As I walk into the Ukrainian Consulate I feel conflicted. My identity as a human rights champion fights with my Hungarian heritage. I become overwhelmingly aware of my privilege to be Canadian and simultaneously feel the weight of my grandfather’s bravery to flee death camps and Russian occupation.

Reminiscing in the elevator is cut short when the doors open and a wave of embarrassment and uncertainty washes over me. I’m ashamed of how little I know of my own history and the current political context of Central and Eastern Europe. Consular General, Andrii Veselovskyi, kindly greets me and as I shake his hand, I prepare to confront my ignorance.

Banners with anti-Semitic messages hang in Hungary’s public squares, indigenous peoples are segregated and tortured in Crimea, while propaganda and nationalistic narratives permeate Central-European elections. It’s as if the faint beat of war drums fill the room as Consul Veselovskyi shares his concerns with me.

These are not concerns of decades past but rather the reality of Central and Eastern Europe. As we continue our discussion, the sounds of war drums fade and are replaced with the familiar clicks of keyboards in harmony with the bells of social media alerts- the modern sounds of warfare.

In an age of misinformation, I was attempting to decipher the true identity of Russia. A democratic fallacy, an empire in mourning of reigns past, a global threat, or an animal corned by the West lashing out in defence? Consul Veselovskyi explained that there is a detrimental reluctance in the West to accept that the Russia they knew no longer exists.

He explained that Canadians recognize that Venezuela is not free, they recognize Somalia as a deficient state, yet “the majority still view Russia as a normal country.” The label of normal connotes an underlying message of democracy, however Russia is a captive state.

Consul Veselovskyi continued his comparison to Venezuela, “Most see Venezuela as a market economy, you can buy, sell and promote business,” where the viability of success is based upon, “your skills and your money, up to the point you are not interested in politics. We recognize it is free in a business sense but not in a political sense. In Russia, there is less freedom, no economic freedom, no business, no political freedom.”

Markets, information, and individuals remain handcuffed to a bureaucracy that attempts to stamp out democratic ideals in the name of preserving “democracy”. Consul Veselovskyi says the democratic misnomer placed on Russia is inaccurate, rather, “Russia is a private state, run by a private bureaucracy, headed by a President.”

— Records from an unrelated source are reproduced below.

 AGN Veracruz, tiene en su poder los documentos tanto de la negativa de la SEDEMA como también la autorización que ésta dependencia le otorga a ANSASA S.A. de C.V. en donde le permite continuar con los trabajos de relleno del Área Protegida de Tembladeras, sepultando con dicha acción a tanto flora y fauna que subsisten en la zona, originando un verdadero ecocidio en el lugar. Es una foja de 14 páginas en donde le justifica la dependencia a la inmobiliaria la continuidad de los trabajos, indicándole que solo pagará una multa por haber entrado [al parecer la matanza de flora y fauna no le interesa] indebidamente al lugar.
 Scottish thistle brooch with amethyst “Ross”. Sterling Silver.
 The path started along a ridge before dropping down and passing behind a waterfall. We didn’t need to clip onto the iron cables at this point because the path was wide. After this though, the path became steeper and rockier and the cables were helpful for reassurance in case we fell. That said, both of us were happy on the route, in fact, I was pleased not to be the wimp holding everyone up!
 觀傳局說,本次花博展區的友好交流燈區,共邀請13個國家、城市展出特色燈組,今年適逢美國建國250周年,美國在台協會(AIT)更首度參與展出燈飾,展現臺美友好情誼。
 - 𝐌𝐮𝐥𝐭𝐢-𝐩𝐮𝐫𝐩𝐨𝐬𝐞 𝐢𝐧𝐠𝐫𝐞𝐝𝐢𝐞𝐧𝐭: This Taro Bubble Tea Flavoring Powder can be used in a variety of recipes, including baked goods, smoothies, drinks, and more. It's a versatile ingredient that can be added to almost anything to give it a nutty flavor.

While the reality of his words were serious, his tone carried a hopefulness. A level of tact undoubtedly honed over years of diplomatic service, but more importantly informed by a reverent respect of history and her lessons.

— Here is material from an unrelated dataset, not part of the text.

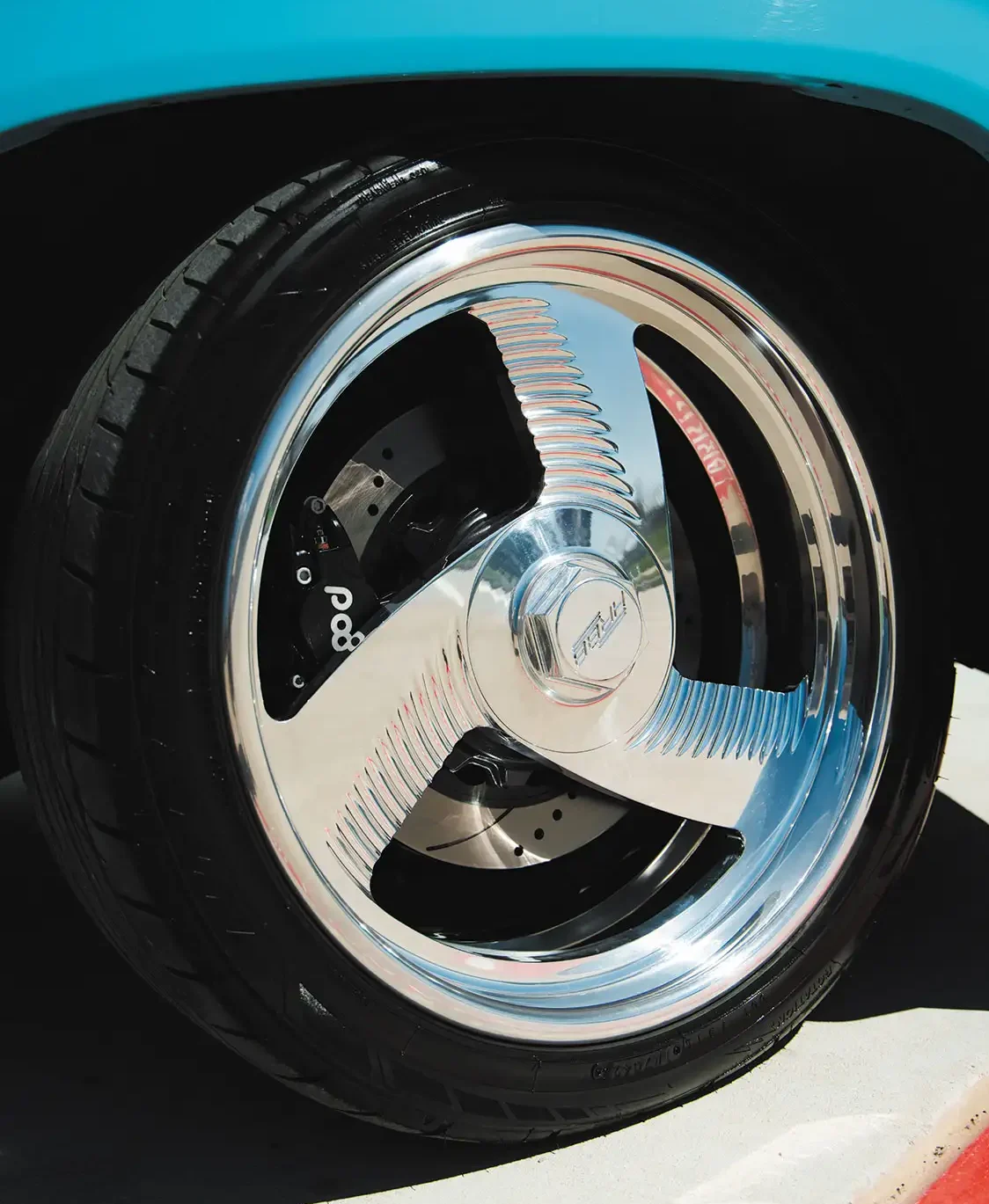 Once home, Greg dug into the truck’s history. He found the original Belltech lowering kit from ’91 still in place. With some help from Mark Oja and Sarah Duran at Belltech, he confirmed its authenticity. The paint, a fleet blue with a silver leaf pinstripe, was still original, giving Greg a solid foundation to work with. Although the original 15-inch Boyd Tri Fans were swapped for 20-inch Torque Thrusts by the second owner, Greg had to bring back the Tri-Fans, but in a 20-inch size, to fit Little Shop’s big brake kits.

Consul Veselovskyi charged me to look at the entire history of political relations in central Europe. I concluded that this moment of crisis is not new, rather it is a predictable pattern of centralizing power and increasing aggression.

The following is an analysis of unheeded warning signs discussed with Consul Veselovskyi and researched independently.

Warning 1: Religious Persecution and Segregation of Minority Populations

In early April, Russian authorities performed a sweep in Ufa, an industrial city in central Russia, permanently removing Jehovah’s Witnesses from their homes and unlawfully detaining individuals. The arrests and detainment of Jehovah Witnesses is an escalation in their attempts to repress the estimated 175,000 practicing individuals in Russia.

The campaign against Witnesses began in 2016, when legislation was passed outlawing missionary work and confining the espousal of religious beliefs to state-registered and state-monitored places of worship. Approximately a year later, Russia’s Supreme Court classified the Jehovah Witnesses as an extremist organization, therefore equating them to ISIS, and providing the state a wide degree of legal latitude to prosecute individuals under counterterrorism laws.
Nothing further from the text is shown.